-- Opening Marker --

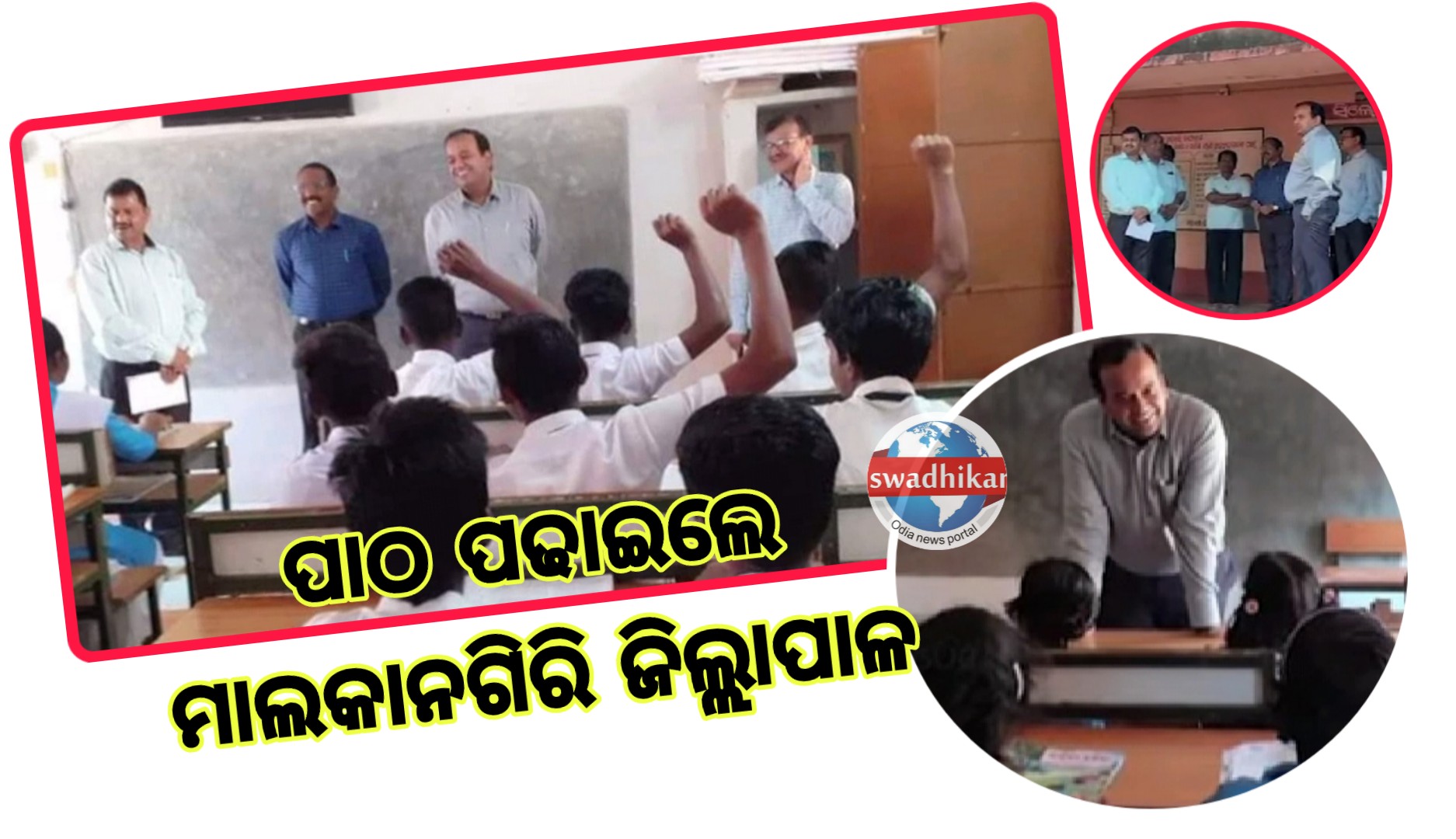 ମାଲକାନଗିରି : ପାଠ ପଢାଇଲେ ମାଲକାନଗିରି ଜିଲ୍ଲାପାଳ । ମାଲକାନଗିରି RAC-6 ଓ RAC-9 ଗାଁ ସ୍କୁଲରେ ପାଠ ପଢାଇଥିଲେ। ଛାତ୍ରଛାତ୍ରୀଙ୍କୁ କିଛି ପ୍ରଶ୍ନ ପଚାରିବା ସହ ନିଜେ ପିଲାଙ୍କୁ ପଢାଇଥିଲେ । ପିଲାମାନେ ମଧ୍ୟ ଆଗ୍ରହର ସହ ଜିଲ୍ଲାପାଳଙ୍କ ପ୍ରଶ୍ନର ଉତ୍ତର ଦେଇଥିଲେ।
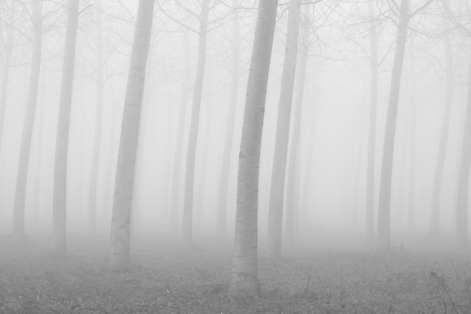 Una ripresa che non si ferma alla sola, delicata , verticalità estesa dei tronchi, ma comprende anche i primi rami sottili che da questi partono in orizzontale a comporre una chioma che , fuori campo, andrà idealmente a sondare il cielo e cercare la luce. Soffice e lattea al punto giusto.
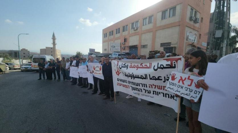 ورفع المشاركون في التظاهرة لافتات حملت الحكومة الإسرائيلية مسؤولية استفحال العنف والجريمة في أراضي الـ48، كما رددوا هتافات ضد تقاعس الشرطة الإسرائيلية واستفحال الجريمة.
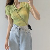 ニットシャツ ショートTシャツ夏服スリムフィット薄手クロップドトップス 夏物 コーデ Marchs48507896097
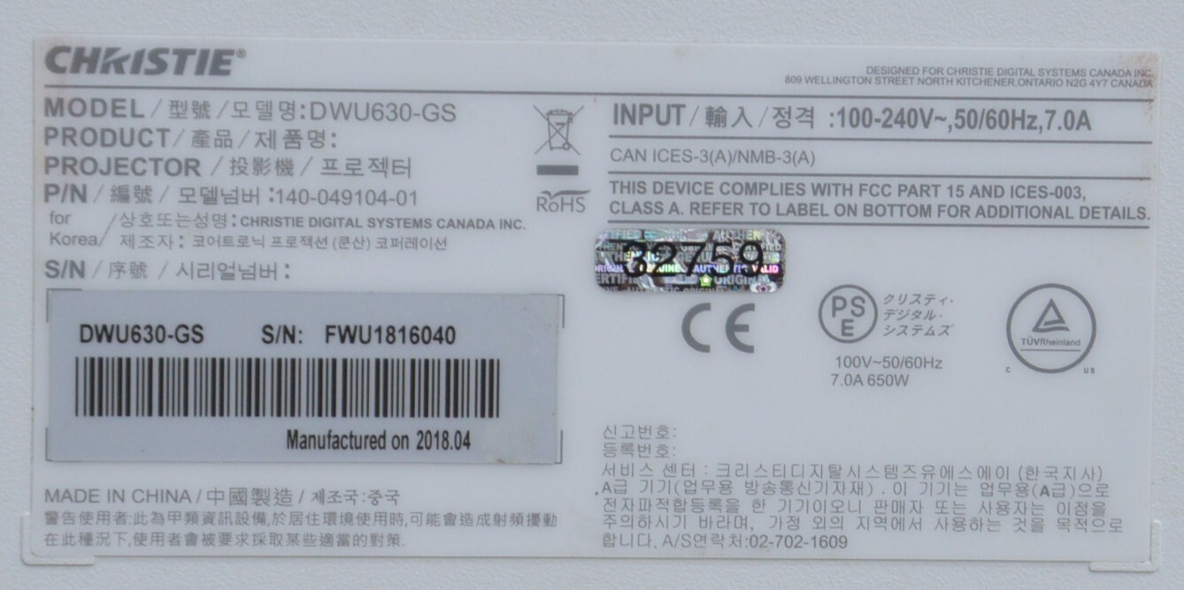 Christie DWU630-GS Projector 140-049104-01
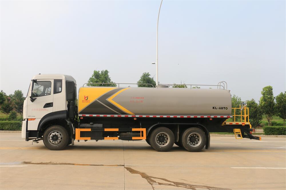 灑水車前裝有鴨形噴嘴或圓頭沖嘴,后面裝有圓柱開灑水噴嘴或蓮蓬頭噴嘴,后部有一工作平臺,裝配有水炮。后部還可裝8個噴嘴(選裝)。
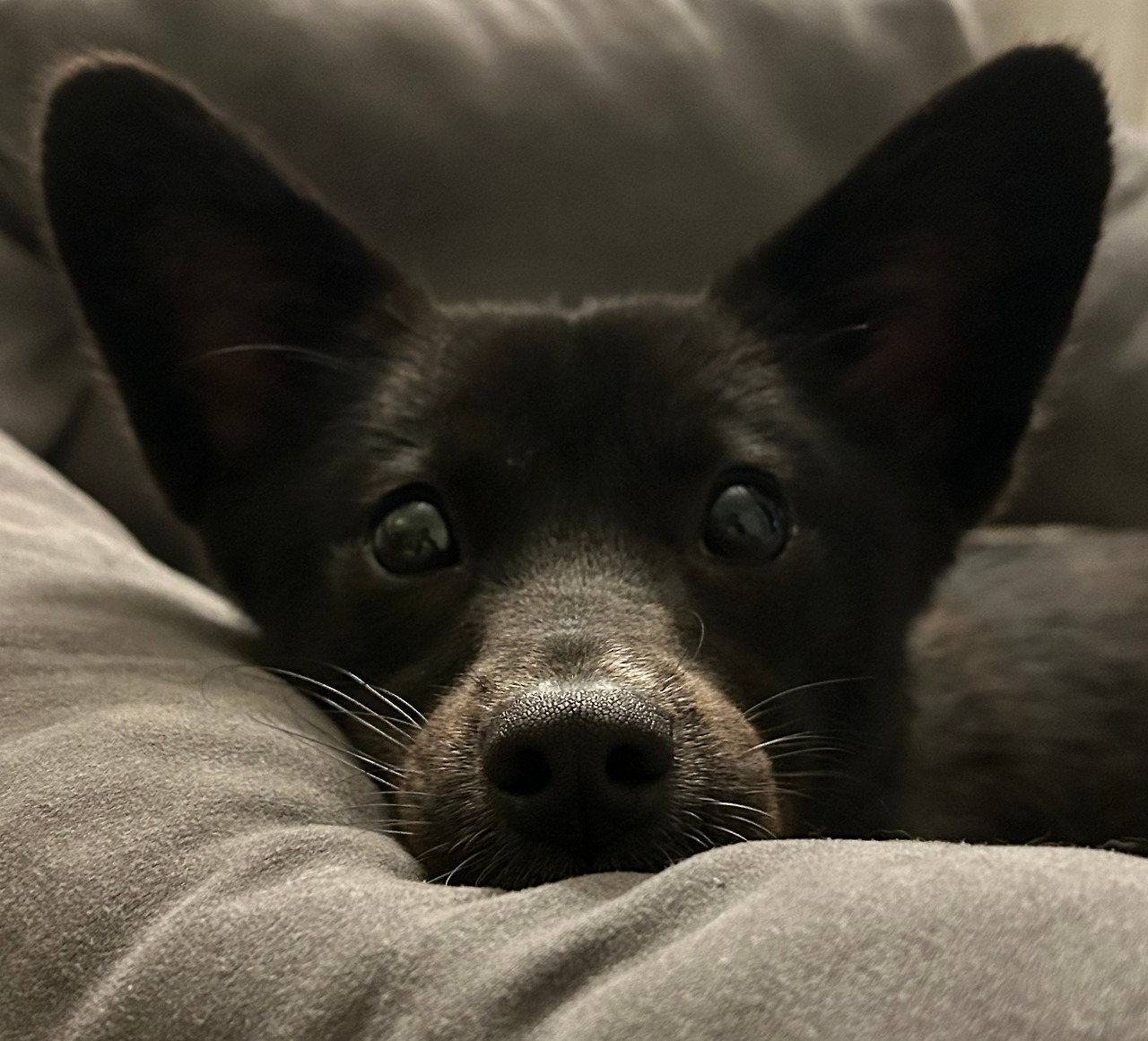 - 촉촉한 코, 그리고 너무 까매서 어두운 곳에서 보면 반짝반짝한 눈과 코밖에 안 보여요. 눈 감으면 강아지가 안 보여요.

-- Closing Marker --
-- Opening Marker --

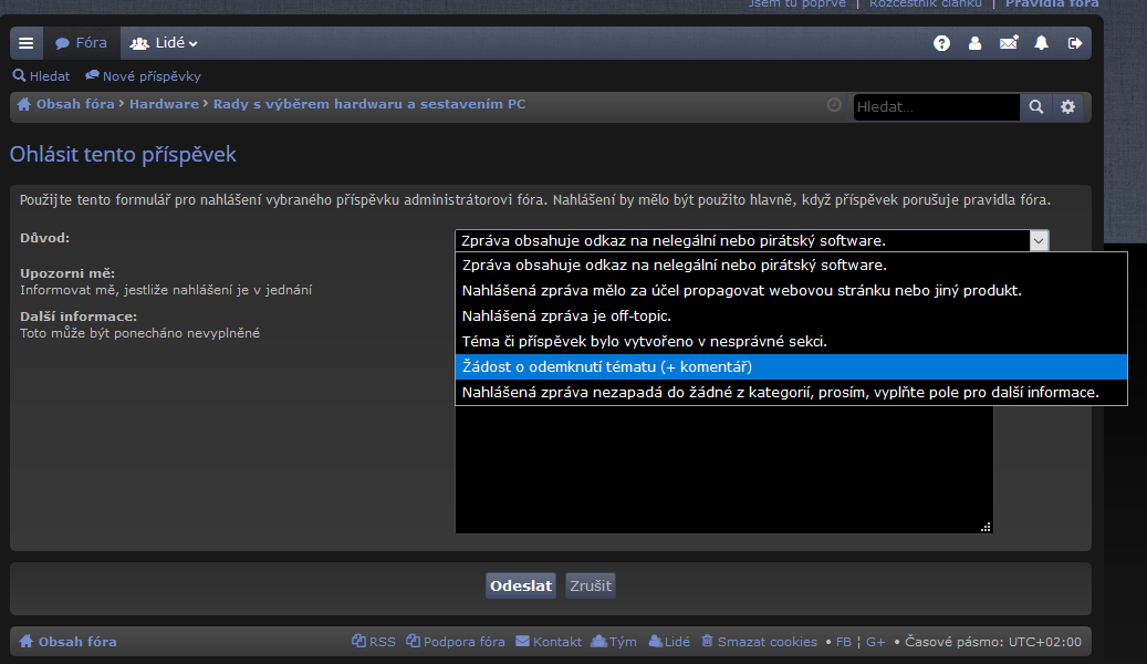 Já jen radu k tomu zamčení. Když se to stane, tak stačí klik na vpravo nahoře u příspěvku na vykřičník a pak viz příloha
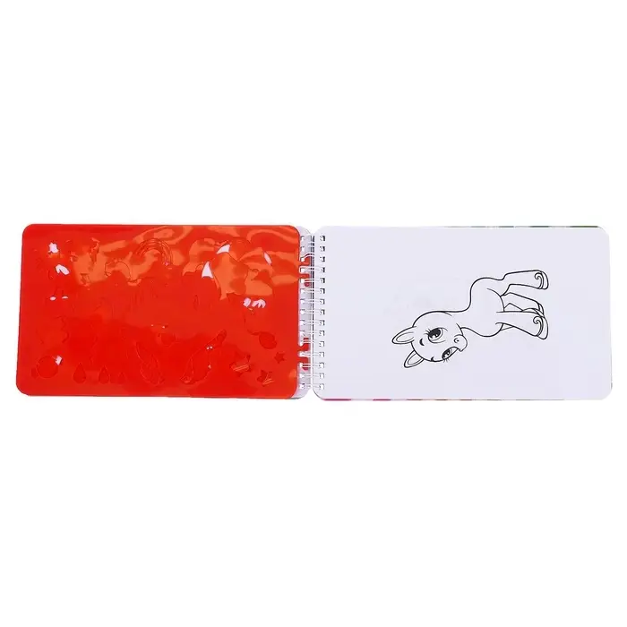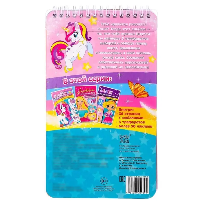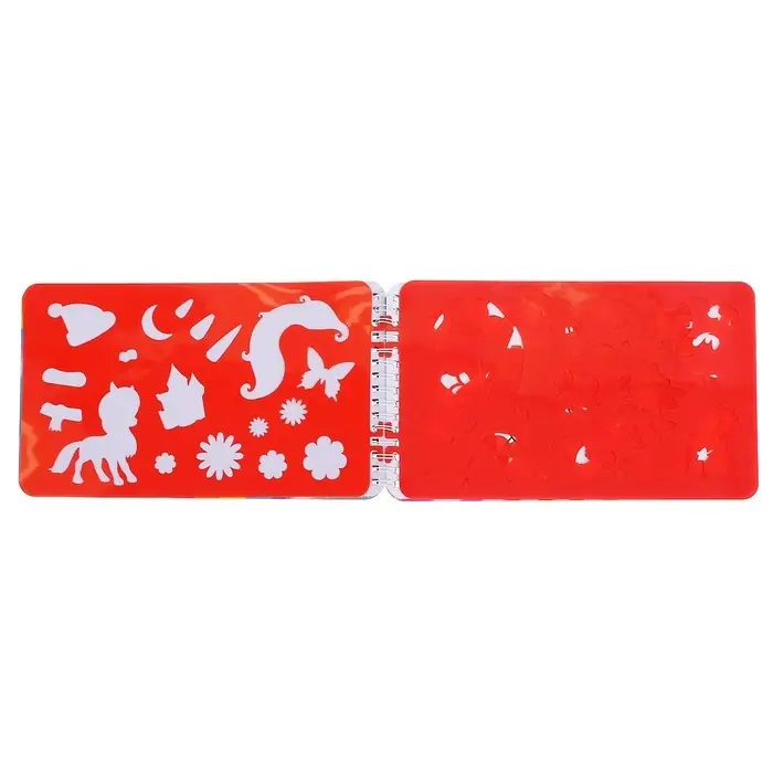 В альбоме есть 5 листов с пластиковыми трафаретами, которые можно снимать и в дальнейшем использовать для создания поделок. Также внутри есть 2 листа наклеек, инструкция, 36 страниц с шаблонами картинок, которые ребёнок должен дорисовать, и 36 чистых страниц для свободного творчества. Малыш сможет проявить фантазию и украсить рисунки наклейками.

-- Closing Marker --

- _WHAT IS EXPECTED_:
Only one stretch of the listing above is to be duplicated: the lines from the one containing "ମାଲକାନଗିରି : ପାଠ" through the one containing "- 촉촉한 코, 그리고", both included. Copy them exactly, minus the pictures.

- _OUTPUT OF THE TASK_:
 ମାଲକାନଗିରି : ପାଠ ପଢାଇଲେ ମାଲକାନଗିରି ଜିଲ୍ଲାପାଳ । ମାଲକାନଗିରି RAC-6 ଓ RAC-9 ଗାଁ ସ୍କୁଲରେ ପାଠ ପଢାଇଥିଲେ। ଛାତ୍ରଛାତ୍ରୀଙ୍କୁ କିଛି ପ୍ରଶ୍ନ ପଚାରିବା ସହ ନିଜେ ପିଲାଙ୍କୁ ପଢାଇଥିଲେ । ପିଲାମାନେ ମଧ୍ୟ ଆଗ୍ରହର ସହ ଜିଲ୍ଲାପାଳଙ୍କ ପ୍ରଶ୍ନର ଉତ୍ତର ଦେଇଥିଲେ।
 Una ripresa che non si ferma alla sola, delicata , verticalità estesa dei tronchi, ma comprende anche i primi rami sottili che da questi partono in orizzontale a comporre una chioma che , fuori campo, andrà idealmente a sondare il cielo e cercare la luce. Soffice e lattea al punto giusto.
 ورفع المشاركون في التظاهرة لافتات حملت الحكومة الإسرائيلية مسؤولية استفحال العنف والجريمة في أراضي الـ48، كما رددوا هتافات ضد تقاعس الشرطة الإسرائيلية واستفحال الجريمة.
 ニットシャツ ショートTシャツ夏服スリムフィット薄手クロップドトップス 夏物 コーデ Marchs48507896097
 Christie DWU630-GS Projector 140-049104-01
 灑水車前裝有鴨形噴嘴或圓頭沖嘴,后面裝有圓柱開灑水噴嘴或蓮蓬頭噴嘴,后部有一工作平臺,裝配有水炮。后部還可裝8個噴嘴(選裝)。
 - 촉촉한 코, 그리고 너무 까매서 어두운 곳에서 보면 반짝반짝한 눈과 코밖에 안 보여요. 눈 감으면 강아지가 안 보여요.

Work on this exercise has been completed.